Write out, please, each line from the one containing "Amazon Com Kitchen" to the final line of the data, both included, exactly and without pictures.

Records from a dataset
____________________

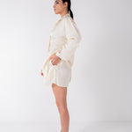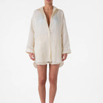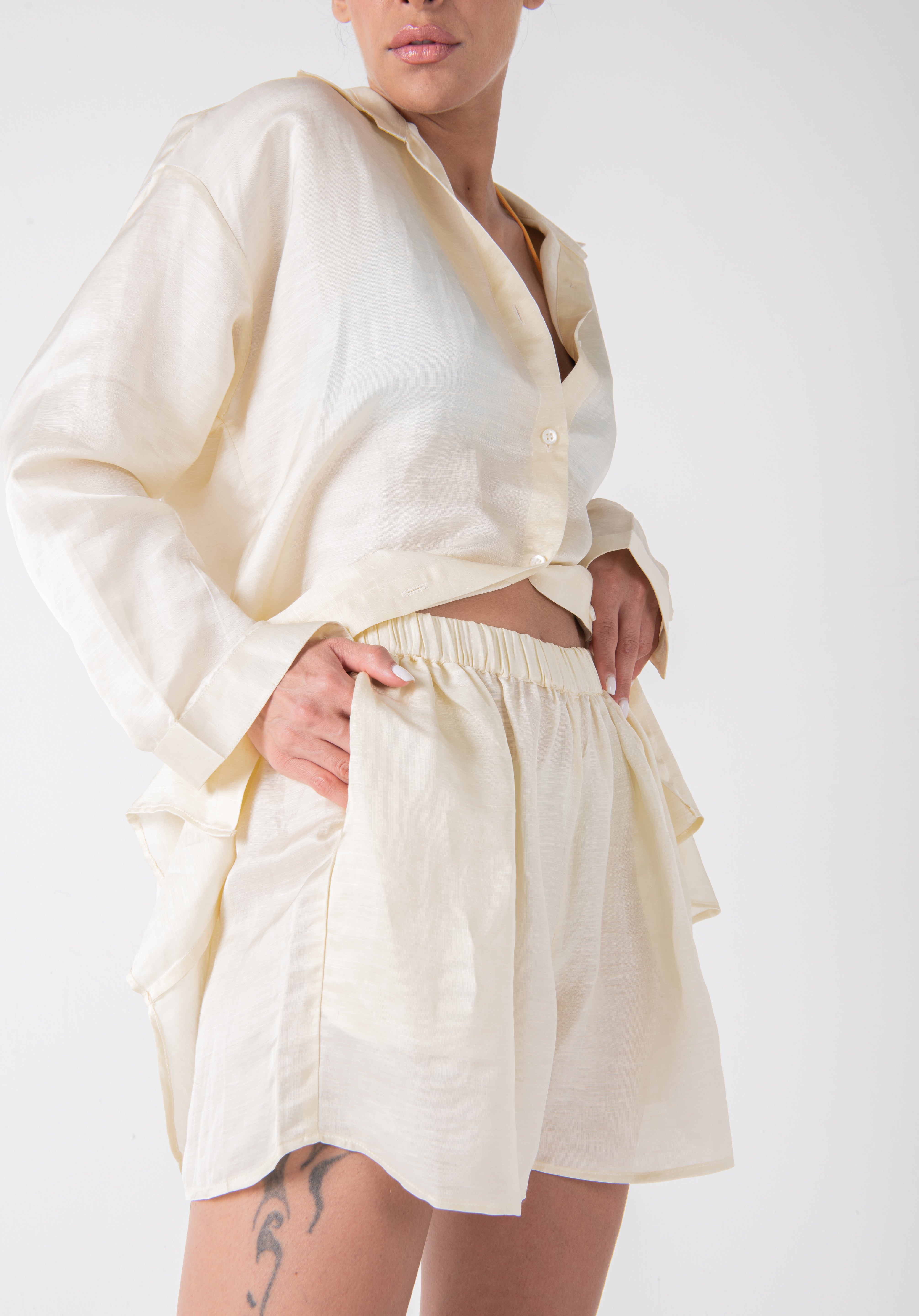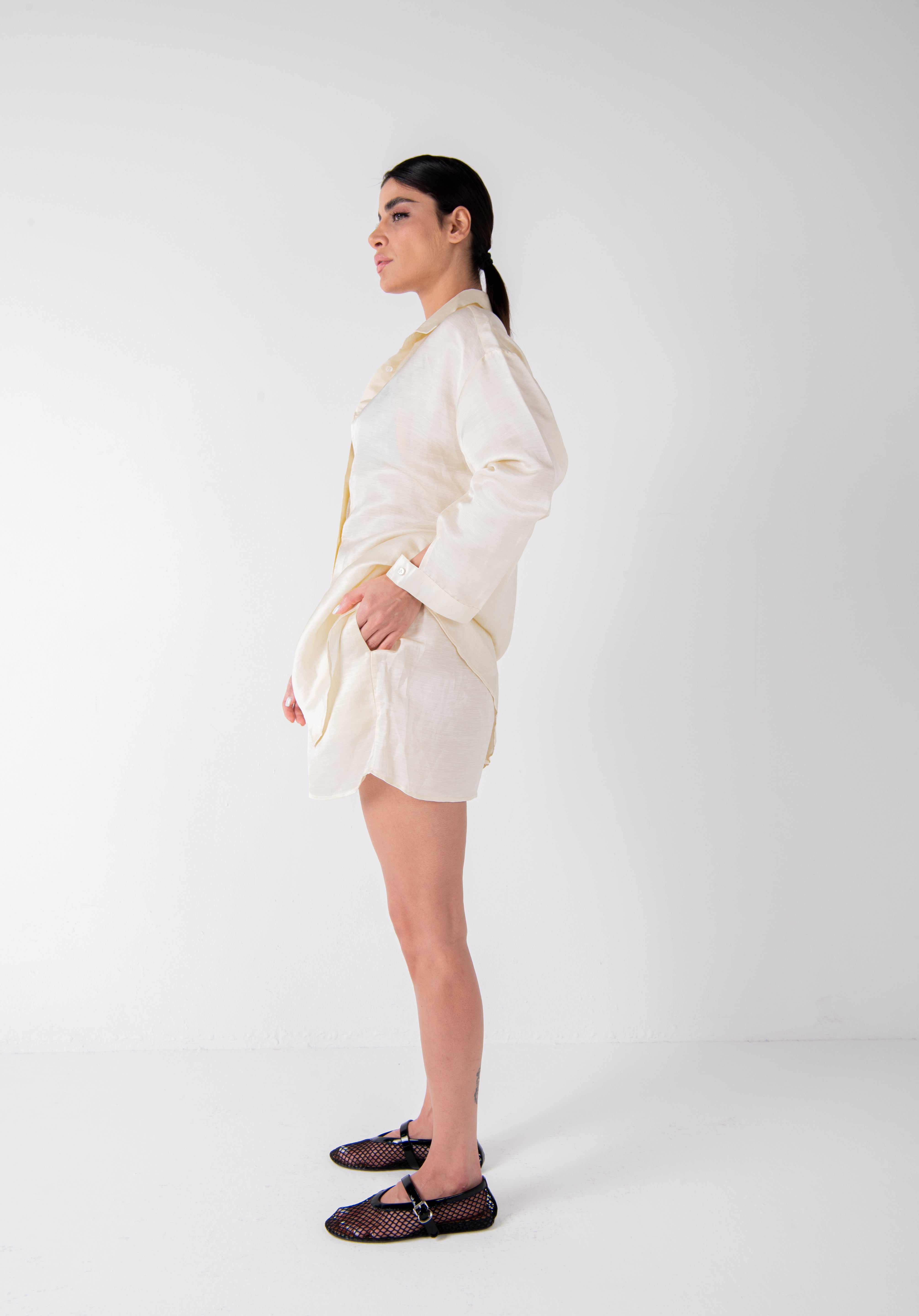 With pool parties and yacht cruises on the horizon, you'll need breezy options to keep up. The Sea Breeza cover-up shirt is the perfect investment piece. It's crafted from pure silk linen and cut to a relaxed silhouette, ensuring a comfortable, non-clinging fit. Shorts are just what you need for easygoing days. They feature an elasticated waistband for a comfortable fit. Layer them over your favorite bikini after a refreshing dip in the pool.
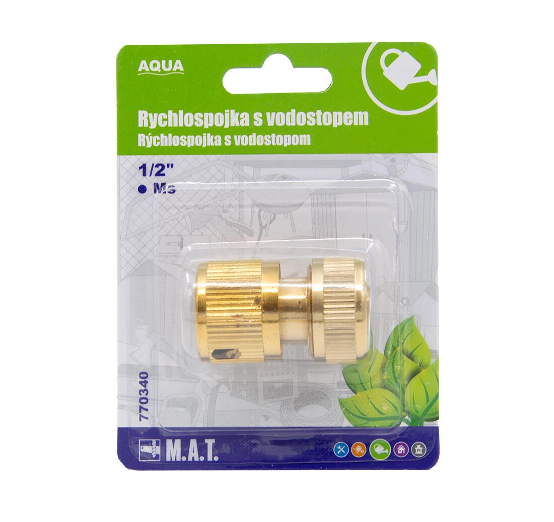Snelkoppeling 1/2 met waterstop van messing AQUA
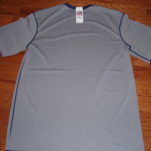 Jersey is Gray with Blue accents and has the San Diego Chargers Football name along with the Chargers Logo on the front of the jersey --
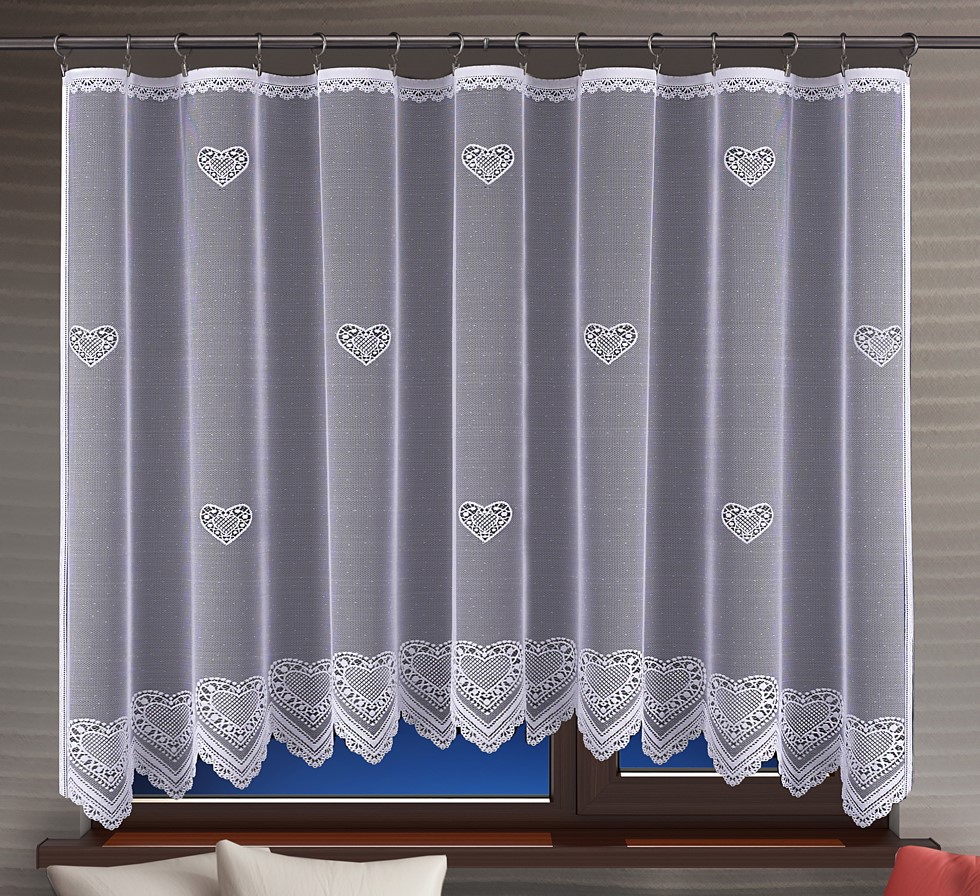 Hotová oblouková záclona žakarového typu - Srdíčka
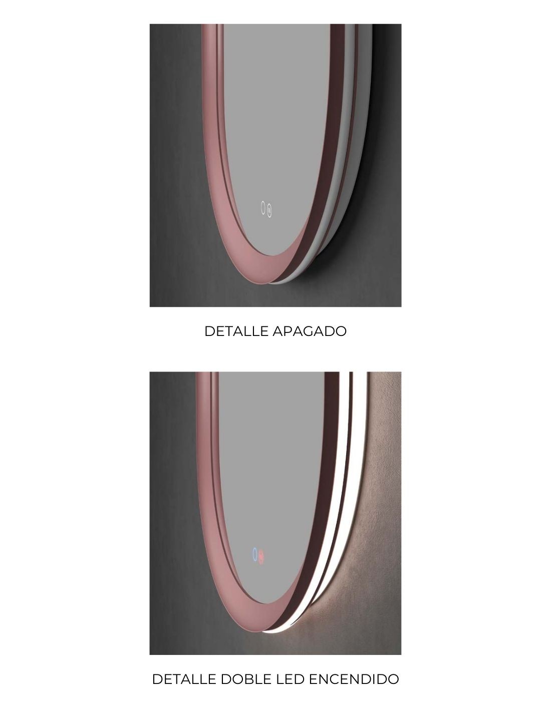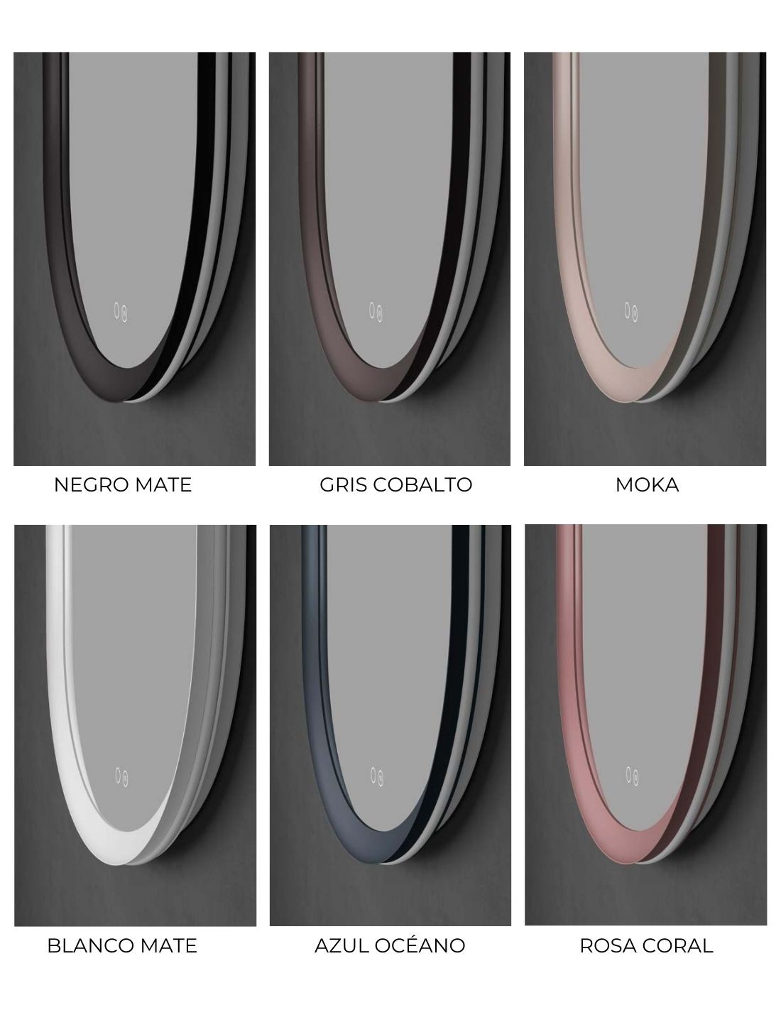 Espejo ovalado baño - diferentes colores MILANO de LED Imex. ¡Dale a tu baño un toque elegante y sofisticado con nuestro espejo! Si buscas un diseño moderno y elegante para tu cuarto de baño, este es el modelo que vas buscando. Además, únete a las tendencias de los detalles en colores para el cuarto de baño.
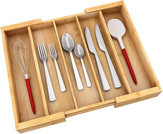 Amazon Com Kitchen Utensil Drawer Organizer Dividers Bamboo Expandable Flatware Silverware Cutlery Tray For All Size Forks Knives And Spoons Kitchen Dining
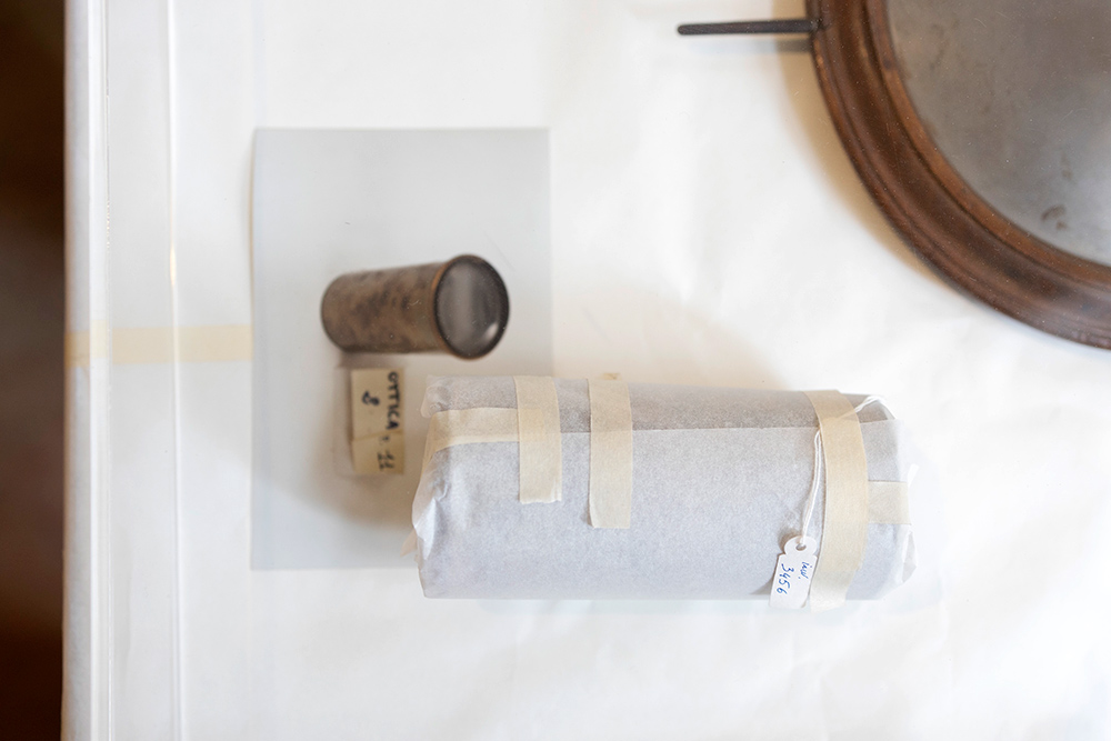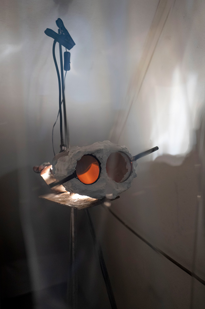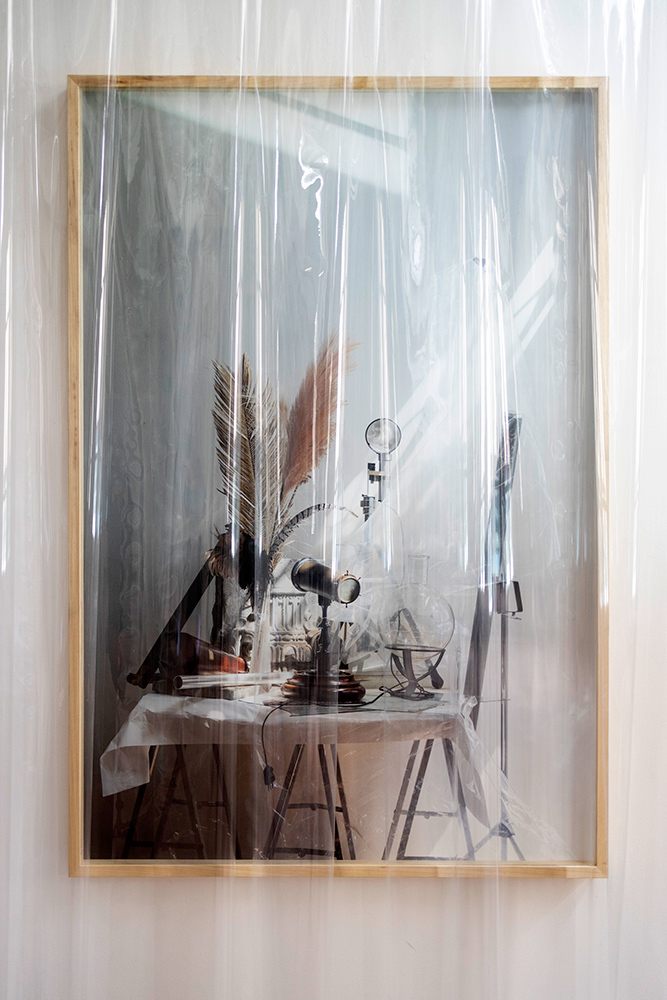 Il risultato visivo è descritto da un carattere di ambivalenza, tra la rappresentazione dell’oggetto e la sua assenza fisica, come due impulsi antitetici che sussistono in un deposito: il nascondere e il ricordare. Questa condizione di presenza-assenza è connotata anche da una selezione di oggetti ottici, legati al tema della visione, provenienti dal deposito del Museo Galileo, che Chiara Bettazzi ha visionato e scelto di esporre mantenendoli ancora avvolti nei loro imballaggi, esattamente come li ha incontrati, nascosti alla vista, con lo scopo di evidenziare ciò che esiste oltre lo sguardo.
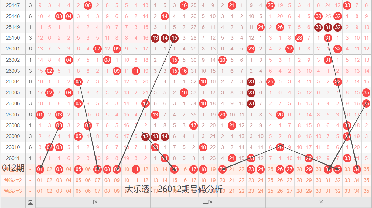 大乐透:26012期落位分析(26年好运连连)

____________________

• **Reply to the exercise**:
 Amazon Com Kitchen Utensil Drawer Organizer Dividers Bamboo Expandable Flatware Silverware Cutlery Tray For All Size Forks Knives And Spoons Kitchen Dining
 Il risultato visivo è descritto da un carattere di ambivalenza, tra la rappresentazione dell’oggetto e la sua assenza fisica, come due impulsi antitetici che sussistono in un deposito: il nascondere e il ricordare. Questa condizione di presenza-assenza è connotata anche da una selezione di oggetti ottici, legati al tema della visione, provenienti dal deposito del Museo Galileo, che Chiara Bettazzi ha visionato e scelto di esporre mantenendoli ancora avvolti nei loro imballaggi, esattamente come li ha incontrati, nascosti alla vista, con lo scopo di evidenziare ciò che esiste oltre lo sguardo.
 大乐透:26012期落位分析(26年好运连连)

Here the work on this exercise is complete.